Input data Block Start

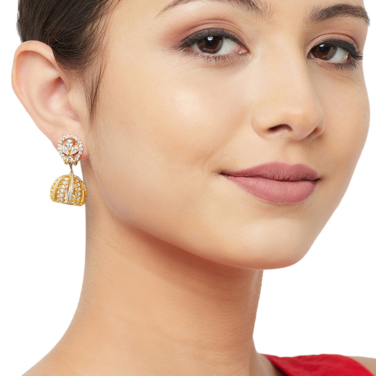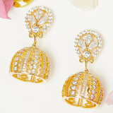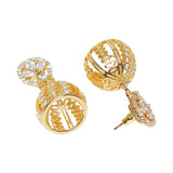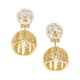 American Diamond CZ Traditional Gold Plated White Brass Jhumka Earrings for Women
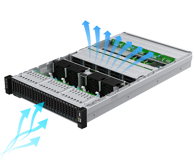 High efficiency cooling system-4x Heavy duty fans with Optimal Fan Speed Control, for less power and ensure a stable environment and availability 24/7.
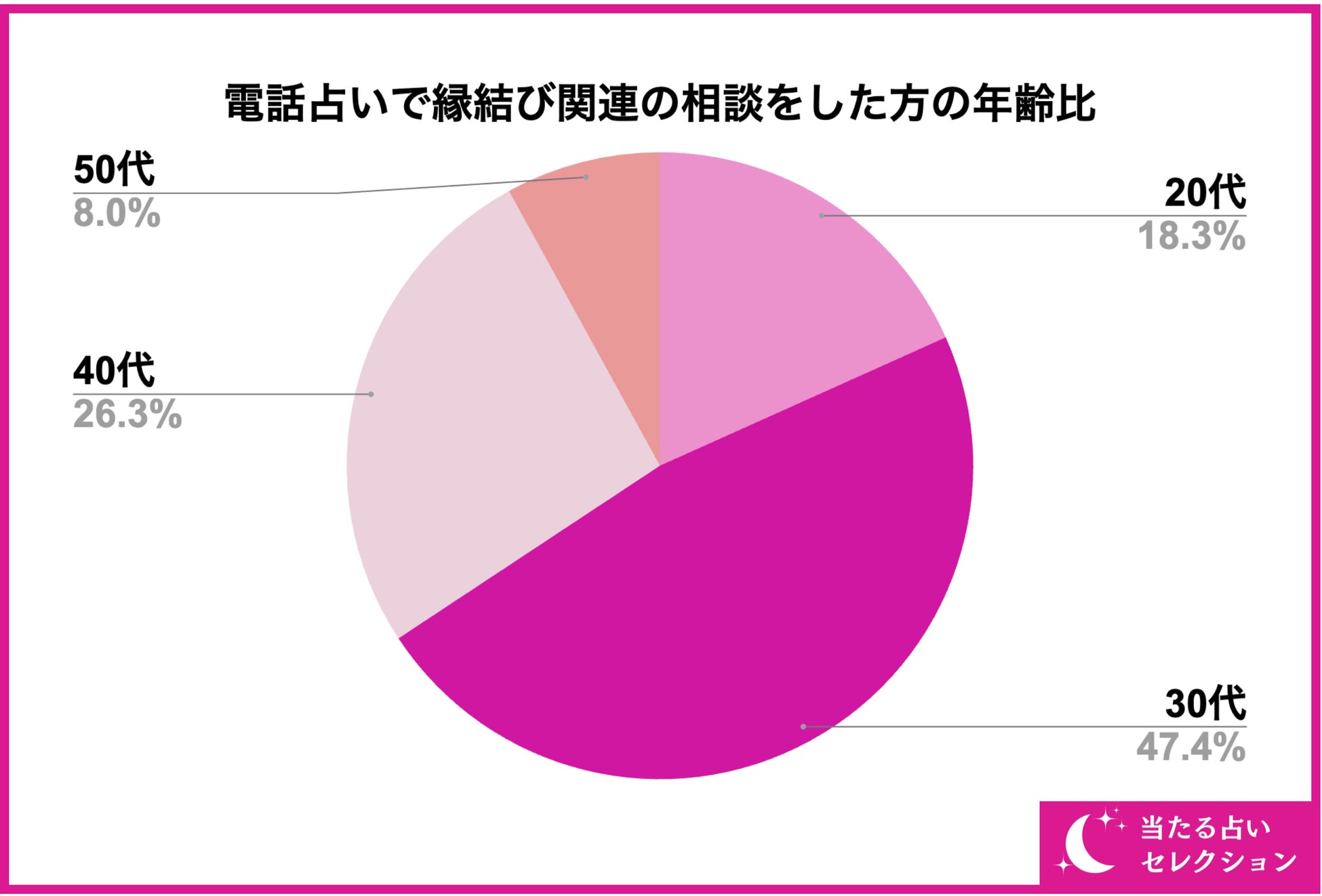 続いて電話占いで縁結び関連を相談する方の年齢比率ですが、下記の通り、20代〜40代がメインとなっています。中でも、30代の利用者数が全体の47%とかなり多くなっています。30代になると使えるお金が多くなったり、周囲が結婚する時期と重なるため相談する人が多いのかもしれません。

Input data Block End

*Your instructions*. Restate all of the material word for word. Keep out every picture.

*Solution below*.
 American Diamond CZ Traditional Gold Plated White Brass Jhumka Earrings for Women
 High efficiency cooling system-4x Heavy duty fans with Optimal Fan Speed Control, for less power and ensure a stable environment and availability 24/7.
 続いて電話占いで縁結び関連を相談する方の年齢比率ですが、下記の通り、20代〜40代がメインとなっています。中でも、30代の利用者数が全体の47%とかなり多くなっています。30代になると使えるお金が多くなったり、周囲が結婚する時期と重なるため相談する人が多いのかもしれません。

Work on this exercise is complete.